### Instructions to follow
Extract the run of lines that starts at the top of the records below and ends at the line with "Top acoustics: with", keeping both ends and excluding pictures.

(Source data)
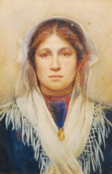 an Italian peasant girl wearing a headscarf and shawl,
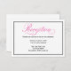 Cette élégante carte de détails de réception de mariage manuscrite rose, noir et blanc fait un ajout sophistiqué à votre suite mariage. Ce design chic se coordonne avec notre Suite Mariage Chrétien Contemporain Pink and White Faith Hope and Love, disponible à Graphic Suite, seulement sur Zazzle.
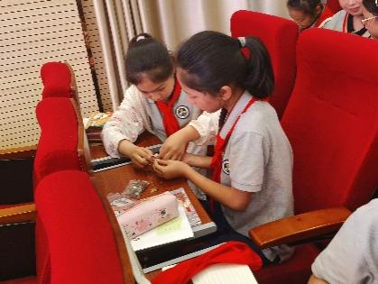 为迎接端午节的到来,志愿者还带领同学们开展了弘扬中华优秀传统文化的民俗体验活动:制作特色香囊。制作的过程虽然复杂,但是当大家拿着散发着悠悠艾草香的香囊时,每个人脸上都洋溢着收获的笑容。
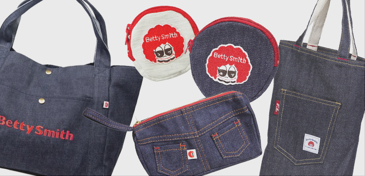 国産ジーンズ発祥の地・児島で、ジーンズの生産が始まった頃からさまざまな商品を展開しているベティスミス。ジーンズ製造で培ったタフな縫製技術と、遊び心あふれるデザインが融合した雑貨は、デニムの魅力を気軽に日常に取り入れるのに最適です。
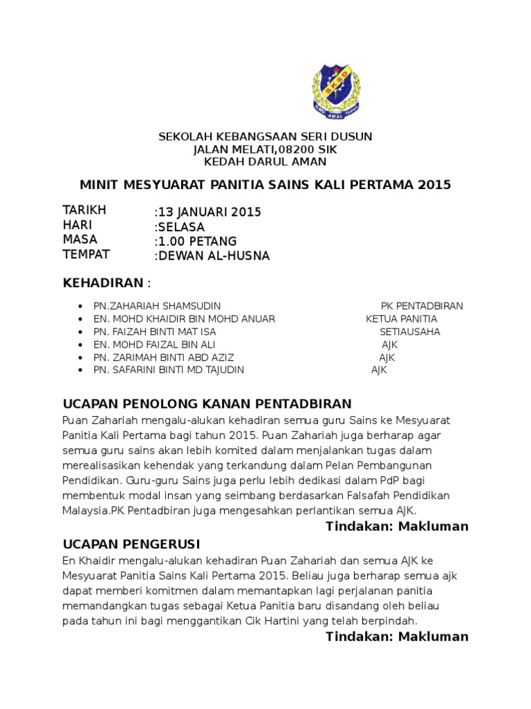 Minit Mesyuarat Panitia Sains Kali Pertama Pdf
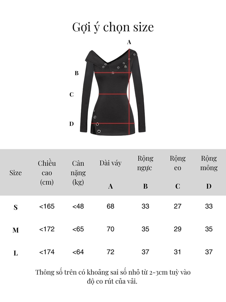 | Size | Rộng eo | Rộng ngực | Rộng mông | Chiều dài |
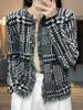 Cárdigan de lana de punto estilo Chanel para mujer, suéter holgado con borlas y cuello redondo, chaqueta de pata de gallo, otoño e invierno, nuevo
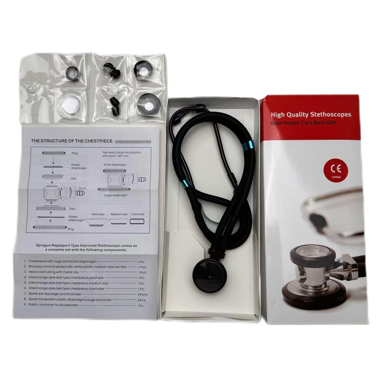 Top acoustics: with classic black color, this stethoscope is equipped with high-quality medical PVC tube, zinc alloy Chest Piece and high sensitivity fiber membrane with good auscultation effect, and even polyester earplug with good outside noise reduction. It also comes with two sizes of stethoscope bells to help you handle a variety of different stethoscope requirements. It can be widely applied for cardiovascular and respiratory auscultation in hospital, clinic, school, or home.
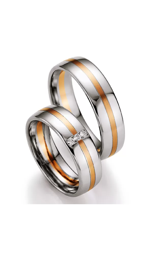 Zlaté snubní prsteny vyrobeny v kombinaci bílého a růžového čtrnáctikarátového zlata - 585/000 v mírném půlkulatém profilu v povrchové úpravě sametový mat na střední části - kraje lesklé oddělené jemnými rýhami. V dámském prstenu jsou vsazeny tři kulaté diamanty briliantového brusu. Diamanty oplývají svou krásou a vlastnostmi, které jsou oproti jiným kamenům bezkonkurenční. Je to nejtvrdší nerost, který nikdy neztratí svou hodnotu. Diamant je král všech drahokamů a tedy i jedním z nejcennějších a proto se vyplatí do šperků s diamanty investovat a především u snubních prstenů, které jsou na celý život! Vsazování diamantů provádějí naši nejzkušenější mistři zlatníci ručně pod mikroskopem s přesností na 0,01mm a proto nehrozí vypadnutí kamínků jako to bývá u strojně vyráběných snubních prstenů. Snubní prsteny mají vnitřní fit profil - zaoblení vnitřní strany prstenů.
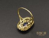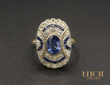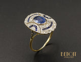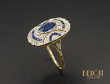 Bague de style Art Déco en or jaune 750/1000e dont la tête ovale, surmontée de platine, est sertie en son centre d'un saphir bleu taille ovale serti dans un clos. De chaque coté du plateau, partent quatre barres arrondies de saphirs calibrés dont les vides sont sertis de diamants taille rose. Travail de millegrain sur tout le serti. Le corps de bague est orné d'un losange serti d'un diamant taille rose. Bijou fin et délicat.
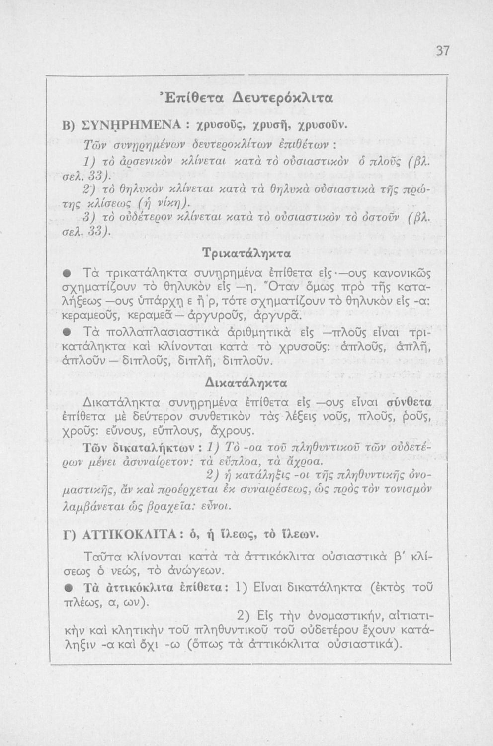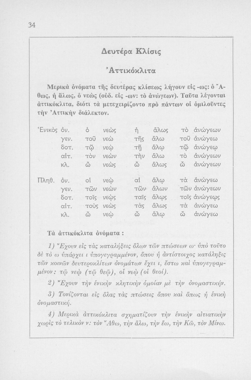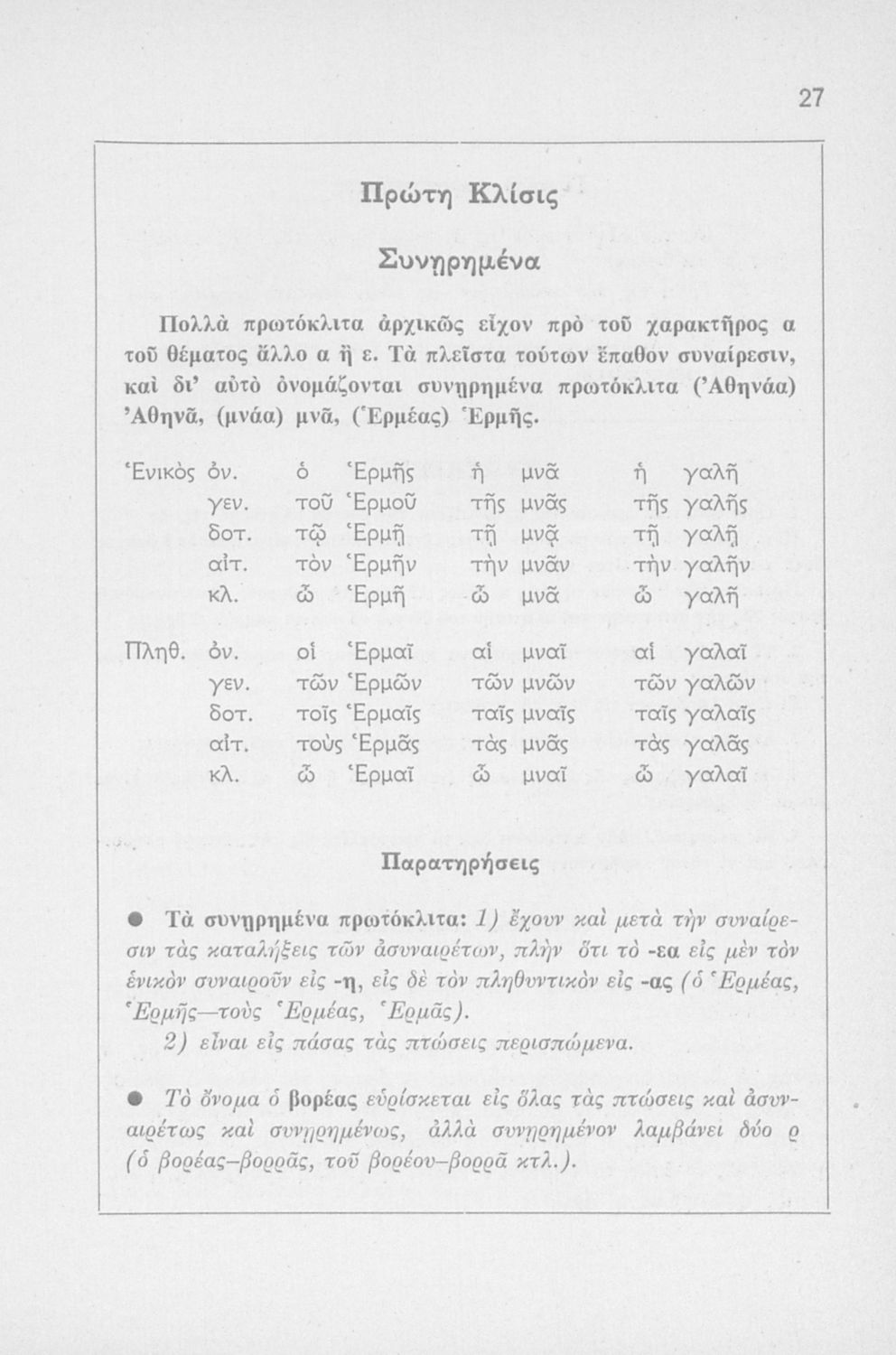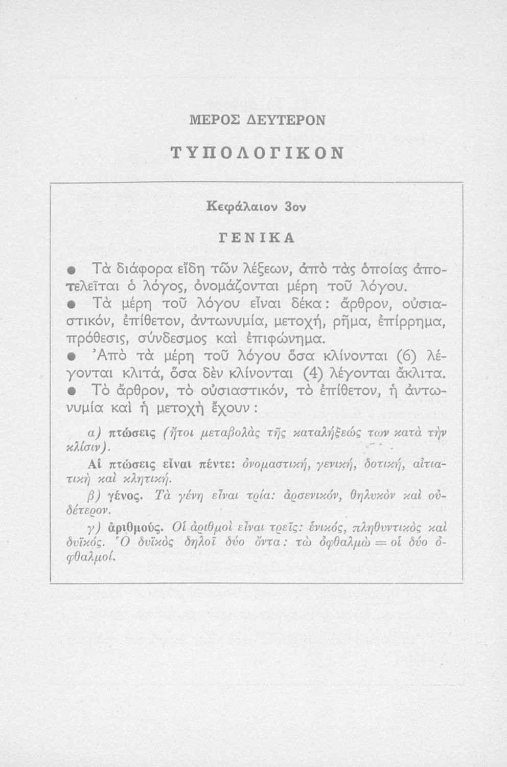 Σχολικό εγχειρίδιο Αρχαίων Ελληνικών Γυμνασίου που περιλαμβάνει τη γραμματική της αρχαίας ελληνικής και είναι χωρισμένο σε φθογγολογικό και τυπολογικό μέρος Περιέχει και κατάλογο ανωμάλων ρημάτων, ασκήσεις και
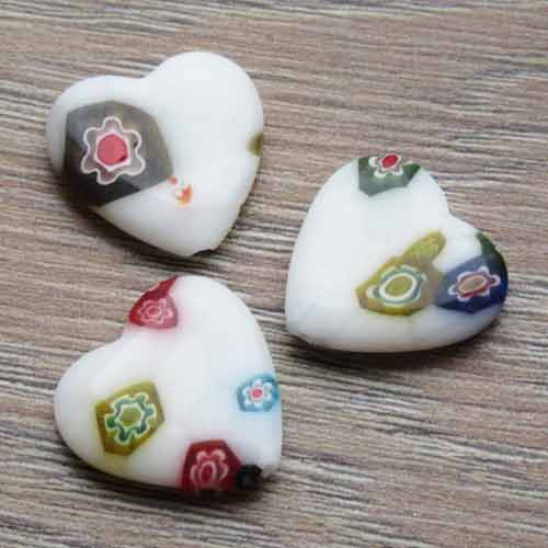 Speelse kraal in basiskleur wit met multicolor bloemmotief. Iedere kraal is anders.
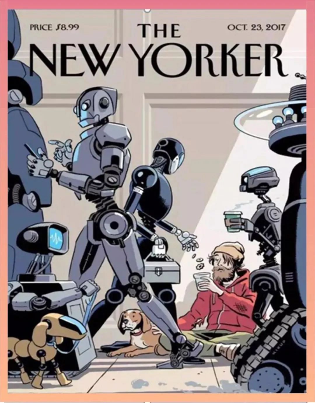 《The New Yorker》雜志有一期封面,描述的是進入人工智能時代后,我們的競爭者將是我們造出來的人工智能機器人,我們可能會向它們討飯吃。
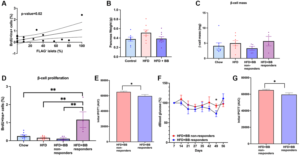 There were no significant differences in pancreatic weight in different treatment groups (Figure 4B). Systematic imaging of pancreatic sections revealed no significant changes in β-cell mass amongst groups (Figure 4C) and overall, clearance of p16Ink4a expressing cells did not change the rate of β-cell proliferation. However, there was a subset of animals treated with B/B homodimerizer where BrdU incorporation was significantly increased and we termed this group “responders” which represented 44% (Figure 4D) of the total treated population. In the remainder 56% of the animals, proliferation did not increase in response to p16Ink4a clearance (Figure 4D). Further analysis comparing the non-responders to the responders revealed that the latter had better glucose clearance in the initial IPGTT (Figure 4E) and maintained overall lower blood glucose levels than non-responders throughout the experiment (Figure 4F and 4G). However, no differences were found between the two groups in the following parameters: gender, initial ITT, weight gain, fed or fasting insulin and fasting blood glucose (Supplementary Figure 5). These results suggest that responders had better β-cell function at the beginning of the experiment but further experiments are required to fully understand these differences.

### Problem solution
 an Italian peasant girl wearing a headscarf and shawl,
 Cette élégante carte de détails de réception de mariage manuscrite rose, noir et blanc fait un ajout sophistiqué à votre suite mariage. Ce design chic se coordonne avec notre Suite Mariage Chrétien Contemporain Pink and White Faith Hope and Love, disponible à Graphic Suite, seulement sur Zazzle.
 为迎接端午节的到来,志愿者还带领同学们开展了弘扬中华优秀传统文化的民俗体验活动:制作特色香囊。制作的过程虽然复杂,但是当大家拿着散发着悠悠艾草香的香囊时,每个人脸上都洋溢着收获的笑容。
 国産ジーンズ発祥の地・児島で、ジーンズの生産が始まった頃からさまざまな商品を展開しているベティスミス。ジーンズ製造で培ったタフな縫製技術と、遊び心あふれるデザインが融合した雑貨は、デニムの魅力を気軽に日常に取り入れるのに最適です。
 Minit Mesyuarat Panitia Sains Kali Pertama Pdf
 | Size | Rộng eo | Rộng ngực | Rộng mông | Chiều dài |
 Cárdigan de lana de punto estilo Chanel para mujer, suéter holgado con borlas y cuello redondo, chaqueta de pata de gallo, otoño e invierno, nuevo
 Top acoustics: with classic black color, this stethoscope is equipped with high-quality medical PVC tube, zinc alloy Chest Piece and high sensitivity fiber membrane with good auscultation effect, and even polyester earplug with good outside noise reduction. It also comes with two sizes of stethoscope bells to help you handle a variety of different stethoscope requirements. It can be widely applied for cardiovascular and respiratory auscultation in hospital, clinic, school, or home.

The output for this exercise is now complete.